To assist us in more objectively drawing the line between a Terry stop and an arrest in an individual case, we apply four non-exclusive factors. These factors are: “ ‘the law enforcement purposes served by the detention, the diligence with which the police pursue the investigation, the scope and intrusiveness of the detention, and the duration of the detention.’ ” United States v. Gil, 204 F.3d 1347, 1351 (11th Cir.2000) (quoting United States v. Hardy, 855 F.2d 753, 759 (11th Cir.1988)); see also Sharpe, 470 U.S. at 685-86, 105 S.Ct. at 1575.
In analyzing the first factor, the law enforcement purposes served by the detention, we have stated that “the most important [consideration] ‘is whether the police detained [the defendant] to pursue a method of investigation that was likely to confirm or dispel their suspicions quickly, and with a minimum of interference.’ ” Gil, 204 F.3d at 1351 (quoting Hardy, 855 F.2d at 759). As we explained in our Hardy opinion:
A Terry stop is justified to give the police an opportunity to engage in brief and nonintrusive investigation techniques, such as noncustodial questioning of the detained person. A Terry stop cannot be used as the basis of a “full search” that would normally be warranted only by the existence of probable cause, consent, or a valid arrest. Nor may the police use an investigative stop to subject a suspect to custodial interrogation that would ordinarily require formal arrest and Miranda warnings.
855 F.2d at 759 (citations and internal quotations omitted). Thus, we must determine whether these officers utilized “brief, minimally intrusive investigation technique[s]” appropriate under Terry. Id.

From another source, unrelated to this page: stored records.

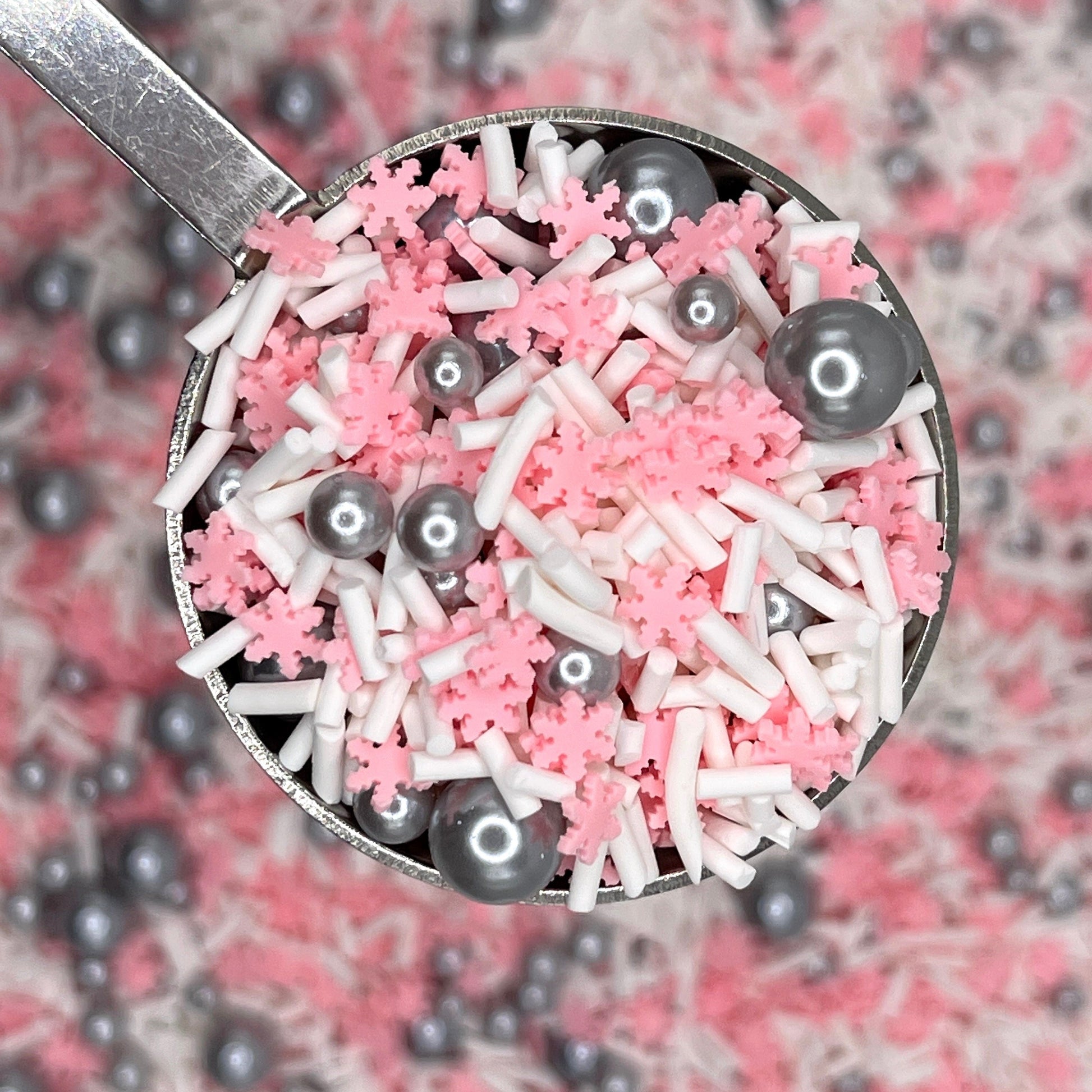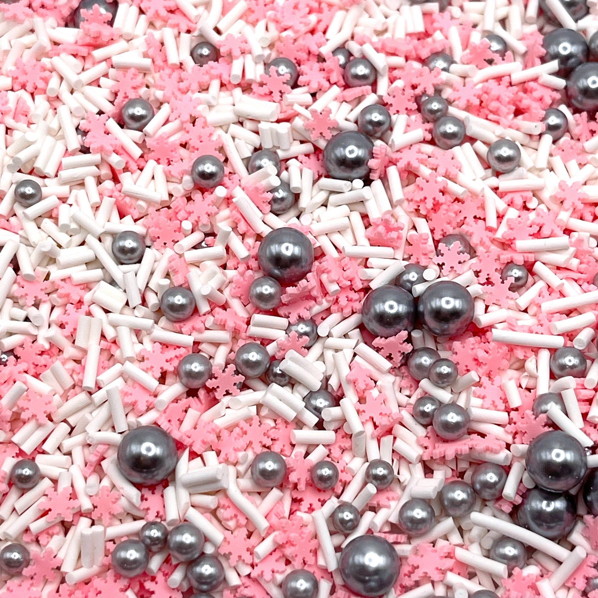 FAKE Pink Snowflake Silver Pearl Polymer Clay Sprinkle Mix (NOT EDIBLE) D8-25
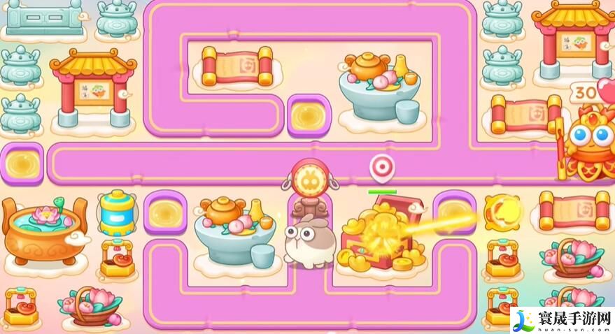 2、兔子跑到左上角,火炮打卷轴。
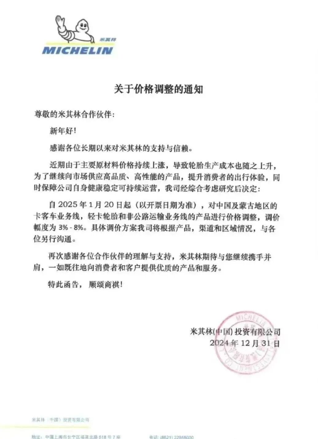 邓禄普轮胎宣布,自2025年1月1日起,其乘用车轮胎产品价格将整体上涨3%。德国马牌发布涨价通知,决定于2025年2月1日起调整产品买入价格,预期最大涨幅3%。米其林决定自2025年1月20日起 (以开票日期为准) ,对中国及蒙古地区的卡客车业务线,轻卡轮胎和非公路运输业务线的产品进行价格调整,调价幅度为3%-8%。▶▶芯片
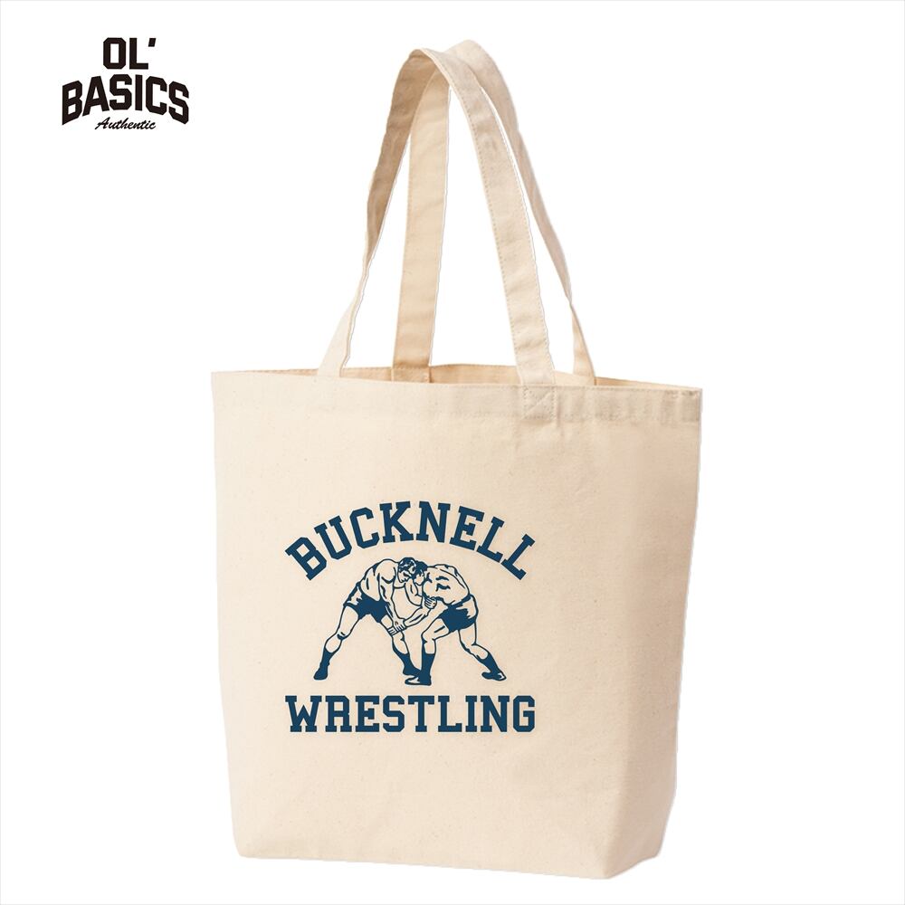 Ol' Basics(オール・ベーシックス) トートバッグ キャンバス レスリングイラスト カレッジロゴ プリント 鞄 BAG アメカジ メンズ レディース ユニセックス SMサイズ
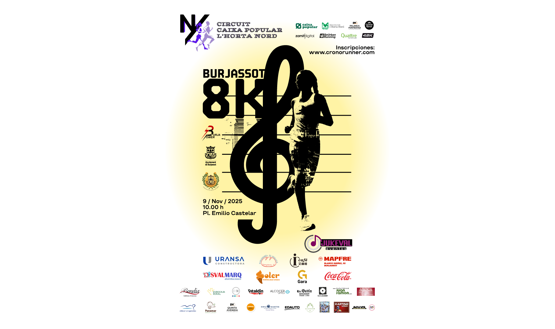 Ilusionados, con ganas de que la ciudadanía de Burjassot se vuelque en la primera 8K del municipio organizada por el club, el Grupo de Recreación Deportiva Burjapower ha presentado esta mañana el cartel oficial de su carrera que tendrá lugar el próximo 9 de noviembre a partir de las 10.00 horas y que se enmarca dentro de Circuit Horta Nord.

The officers questioned Acosta about what was in his car, asked him for permission to search the car, sought permission from Sade to search the apartment that he and Acosta had just left, briefly searched the apartment, returned to ask Acosta for permission to open a bag they found in the apartment, searched it, and then placed Acosta under arrest. Because this series of acts was designed to lead to a quick and non-intrusive resolution of the officers' reasonable suspicions, the first factor weighs in favor of the legality of the stop.
Under the second factor we ask whether the police were diligent in pursuing their investigation, that is, whether the methods the police used were carried out without unnecessary delay. See Sharpe, 470 U.S. at 686-87, 105 S.Ct. at 1575-76; Hardy, 855 F.2d at 759-60. Nothing in the record indicates that the police were less than prompt in carrying out their on-the-scene investigation. Each investigatory act logically led to the next act which was done without delay.
Under the third factor we ask whether the scope and intrusiveness of the detention exceeded the amount reasonably needed by police to ensure their personal safety. See Michigan v. Long, 463 U.S. 1032, 1047-48, 103 S.Ct. 3469, 3479-80, 77 L.Ed.2d 1201 (1983); Pennsylvania v. Mimms, 434 U.S. 106, 110-11, 98 S.Ct. 330, 333, 54 L.Ed.2d 331 (1977) (per curiam). The Supreme Court has stated that officers may take reasonable steps to ensure their safety so long as they possess “an articulable and objectively reasonable belief that the suspect is potentially dangerous.” Long, 463 U.S. at 1051, 103 S.Ct. at 3482. It follows, and our prior opinions confirm, that an investigatory stop does not necessarily ripen into an arrest because an officer draws his weapon, United States v. Roper, 702 F.2d 984, 987-88 (11th Cir.1983), handcuffs a suspect, United States v. Hastamorir, 881 F.2d 1551, 1557 (11th Cir.1989), orders a suspect to lie face down on the ground, Courson v. McMillian, 939 F.2d 1479, 1492-93 (11th Cir.1991), or secures a suspect in the back of a patrol car, Gil, 204 F.3d at 1351. While restriction on freedom of movement is a factor to be taken into account in determining whether a person is under arrest, it alone is not sufficient to transform a Terry stop into a de facto arrest. Hastamorir, 881 F.2d at 1556.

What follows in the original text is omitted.